Warning: this is a draft, but since nobody reads my blog it shouldn’t matter.
In which a group at Imperial College try to find out how many people would have died in the UK if it had policies like Sweden.
Look at the following figure illustrating cumulative covid-19 deaths in different countries, shamelessly lifted from a recent paper appearing in Nature Scientific reports1

As you can see, Denmark, Sweden, and the UK had widely varying outcomes. They also had widely varying policies, so it’s natural to ask how much these are to blame. Luckily, epidemiologists have developed extremely precise tools to quantify this effect, the results of which are shown below:

The basic mathematical idea behind this approach is that obviously Sweden would have the same number of cumulative deaths as the other countries would have had if they had just used the same polices.
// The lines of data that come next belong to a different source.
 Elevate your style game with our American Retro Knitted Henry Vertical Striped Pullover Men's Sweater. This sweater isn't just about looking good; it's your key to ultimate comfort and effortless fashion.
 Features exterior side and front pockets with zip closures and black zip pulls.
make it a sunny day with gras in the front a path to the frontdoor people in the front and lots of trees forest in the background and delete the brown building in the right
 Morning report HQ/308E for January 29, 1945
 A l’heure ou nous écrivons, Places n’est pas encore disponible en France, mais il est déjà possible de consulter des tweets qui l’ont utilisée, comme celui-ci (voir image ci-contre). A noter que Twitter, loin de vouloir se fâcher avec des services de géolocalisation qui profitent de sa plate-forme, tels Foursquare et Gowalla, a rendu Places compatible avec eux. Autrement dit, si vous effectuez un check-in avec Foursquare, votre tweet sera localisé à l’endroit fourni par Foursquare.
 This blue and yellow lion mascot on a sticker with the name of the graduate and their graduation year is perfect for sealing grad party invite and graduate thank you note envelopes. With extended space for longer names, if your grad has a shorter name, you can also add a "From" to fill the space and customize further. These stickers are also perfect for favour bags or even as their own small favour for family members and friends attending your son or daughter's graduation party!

Case closed.
This approach is used in Mishra et al., whose abstract states
We use two approaches to evaluate counterfactuals which transpose the transmission profile from one country onto another, in each country’s first wave from 13th March (when stringent interventions began) until 1st July 2020. UK mortality would have approximately doubled had Swedish policy been adopted, while Swedish mortality would have more than halved had Sweden adopted UK or Danish strategies.
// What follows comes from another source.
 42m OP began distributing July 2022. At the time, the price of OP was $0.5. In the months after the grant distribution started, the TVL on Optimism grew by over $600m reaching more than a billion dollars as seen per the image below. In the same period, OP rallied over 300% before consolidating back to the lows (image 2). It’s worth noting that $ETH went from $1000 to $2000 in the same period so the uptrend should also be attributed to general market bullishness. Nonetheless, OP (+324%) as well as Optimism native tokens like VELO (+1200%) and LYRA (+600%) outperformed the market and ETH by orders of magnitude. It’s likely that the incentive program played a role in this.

Ok so Mishra et al. don’t actually just swap the labels, as far as I can tell they do something on the level of2 “take derivatives first, then swap labels, and then integrate again” but wrapped into the language of an SIR model. Here’s the relevant part of their paper:

If you’re not laughing/crying at the absurdity of actually publishing this kind of analysis, some more direct quotes:
We estimate that if Denmark had adopted Swedish policies, and introduced them at the same stage of its epidemic, mortality would have been between three and four (Table 1) times higher, and thus Denmark would have experienced similar per-capita mortality to Sweden
If Sweden had adopted Danish policies, both the absolute and relative approaches imply that there would have been approximately one fifth as many deaths.
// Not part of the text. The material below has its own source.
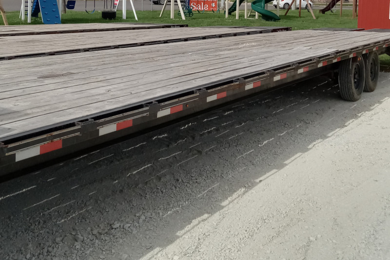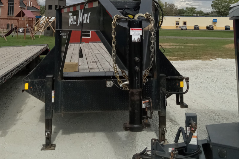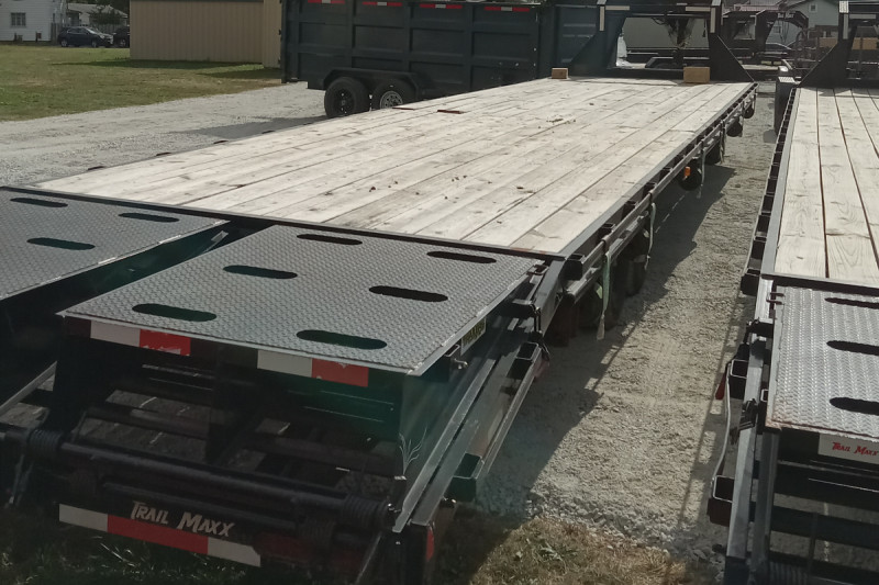 The TrailMaxx MAX27-40 is a 40-foot tandem axle (T/A) gooseneck equipment trailer with a typical 12,000 lb GVWR, featuring a ~35-foot main deck, a 5-foot fixed dovetail, and manual or spring-assisted ramps. It includes an I-beam frame, wood flooring, and electric brakes, but specific features like usable deck width and tire size can vary slightly by model year.

The counterfactuals therefore demonstrate that small changes in the timing or effectiveness of intervention policies can lead to large changes in the resulting cumulative death toll
One fact I’ve noticed a few times from this group at Imperial College is the fact that they ascribe almost all outcomes to government policy when anybody who is following this at all should see that it isn’t even clear whether government policy is important. Thus, the article is full of the word “policy” whereas an astute reader should notice that none of the actual analysis looks at policies, it’s just comparing counts of infected/dead people, policy never actual enters the mix. This enters via phrasing like
the slightly lower effectiveness of Sweden’s policies
or
Denmark may have had marginally more effective and timely policies.
or
so that we might learn how best to control future waves, or indeed future pandemics
In fact, we might as well replace “policy” with weather everywher in the article and be no worse off for it. Or “population density”, or “trust in science” or “astrological favour”. Eventually do pay lip-service to non-policy factors also being of importance deep down in the discussion
Third, national-level Rt estimates average over a high level of geographic, social and demographic heterogeneity in transmission within each country. It is unclear how such heterogeneities between countries would determine the relative success of a country’s COVID-19 response, as opposed to differences in policy. This can be circumvented to some extent by interpreting each counterfactual scenario as an exchange of population behaviour as well as policy, although it is still true that not every country would respond in exactly the same way to each intervention.
so it all boils down to “if Sweden were the UK, it would have cases like the UK modulo initial values” which would – though not uncontroversial – be a better take than anything I’ve seen in their paper. Then again, this this was published in Nature Scientific reports, which is nice for all the grad students invovled as they now have a paper published.
Footnotes:
- Not to be confused with Nature itself, twitter tells me Scieentific Reports is Nature‘s trash-basket but I have no opinion on whether or not this true apart from the fact that this particular paper belongs in the trash-basket.
- Yes, I know this isn’t exactly what they do, but the analogy is pretty good though they wrap everything into a Bayesian mess.